EXERCISE GOAL:
Leave out the pictures and set down exactly the lines from the start of the listing through the one with "党委在祥联厅、思源厅、105", both included.

RECORDED INFORMATION:
------------------------

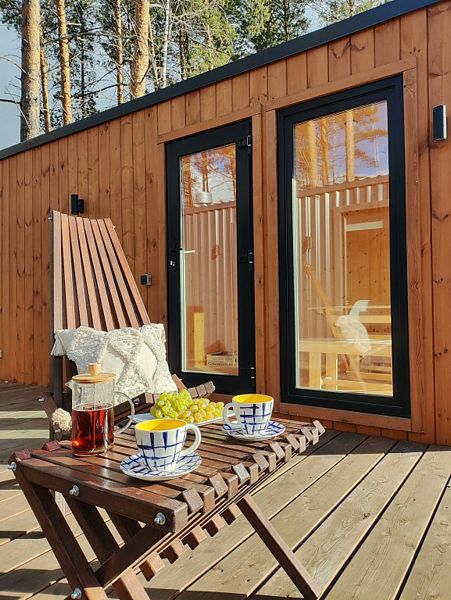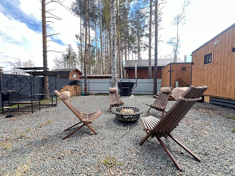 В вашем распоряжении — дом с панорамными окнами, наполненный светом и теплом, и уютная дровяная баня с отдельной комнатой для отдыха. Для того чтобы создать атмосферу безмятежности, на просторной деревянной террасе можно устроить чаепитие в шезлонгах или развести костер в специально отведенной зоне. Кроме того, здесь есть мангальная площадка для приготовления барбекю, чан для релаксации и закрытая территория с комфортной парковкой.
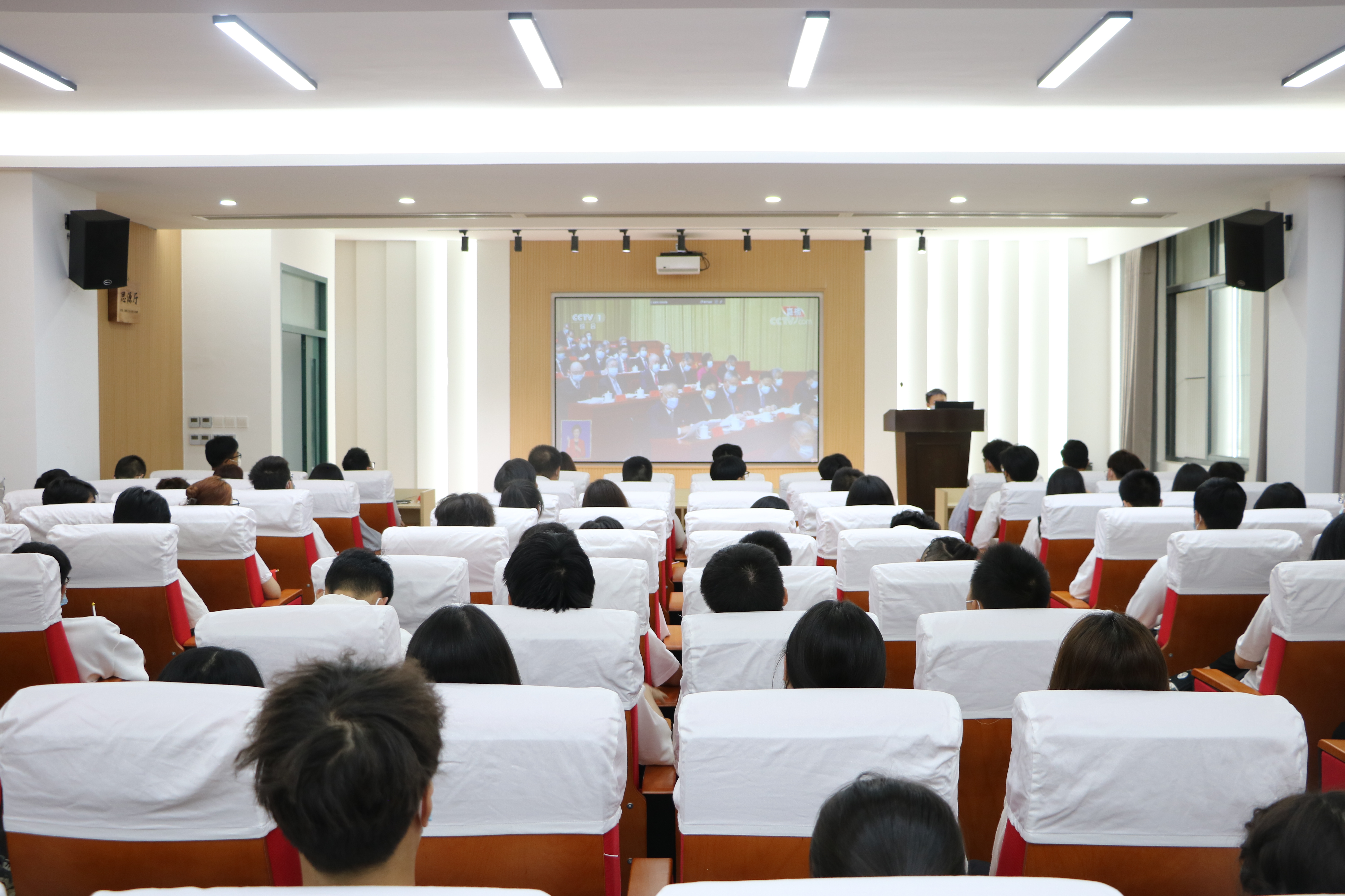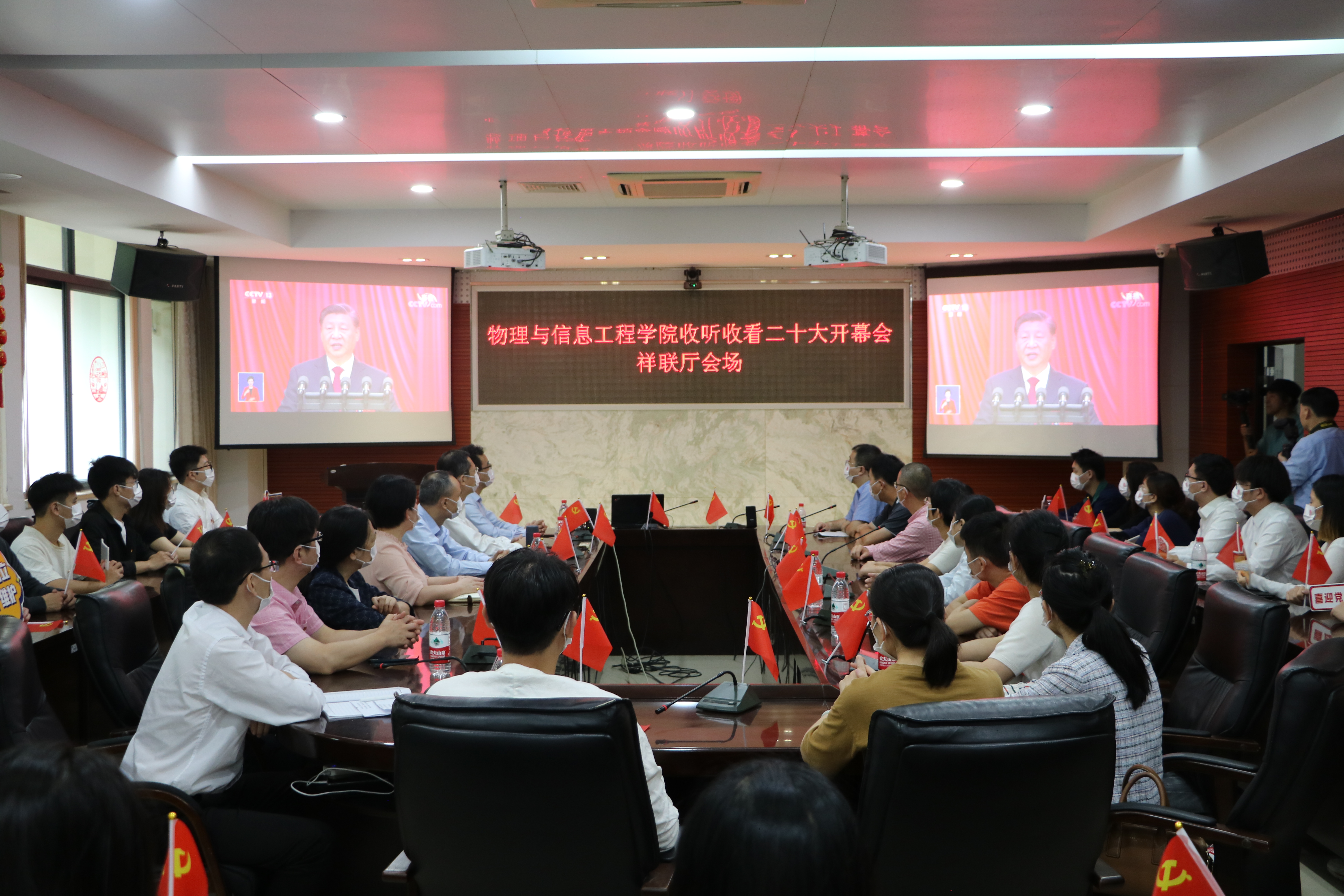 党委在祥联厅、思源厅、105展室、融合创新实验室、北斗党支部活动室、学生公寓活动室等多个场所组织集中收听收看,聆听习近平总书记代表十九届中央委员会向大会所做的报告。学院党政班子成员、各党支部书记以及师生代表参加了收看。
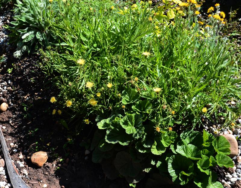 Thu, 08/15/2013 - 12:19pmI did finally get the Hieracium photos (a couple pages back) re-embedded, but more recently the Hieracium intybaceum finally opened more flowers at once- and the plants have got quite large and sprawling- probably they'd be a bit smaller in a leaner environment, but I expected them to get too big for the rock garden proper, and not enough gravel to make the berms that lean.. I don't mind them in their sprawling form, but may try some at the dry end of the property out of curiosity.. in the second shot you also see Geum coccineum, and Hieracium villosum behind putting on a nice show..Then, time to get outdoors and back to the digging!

------------------------

RESPONSE TO THIS TASK:
 В вашем распоряжении — дом с панорамными окнами, наполненный светом и теплом, и уютная дровяная баня с отдельной комнатой для отдыха. Для того чтобы создать атмосферу безмятежности, на просторной деревянной террасе можно устроить чаепитие в шезлонгах или развести костер в специально отведенной зоне. Кроме того, здесь есть мангальная площадка для приготовления барбекю, чан для релаксации и закрытая территория с комфортной парковкой.
 党委在祥联厅、思源厅、105展室、融合创新实验室、北斗党支部活动室、学生公寓活动室等多个场所组织集中收听收看,聆听习近平总书记代表十九届中央委员会向大会所做的报告。学院党政班子成员、各党支部书记以及师生代表参加了收看。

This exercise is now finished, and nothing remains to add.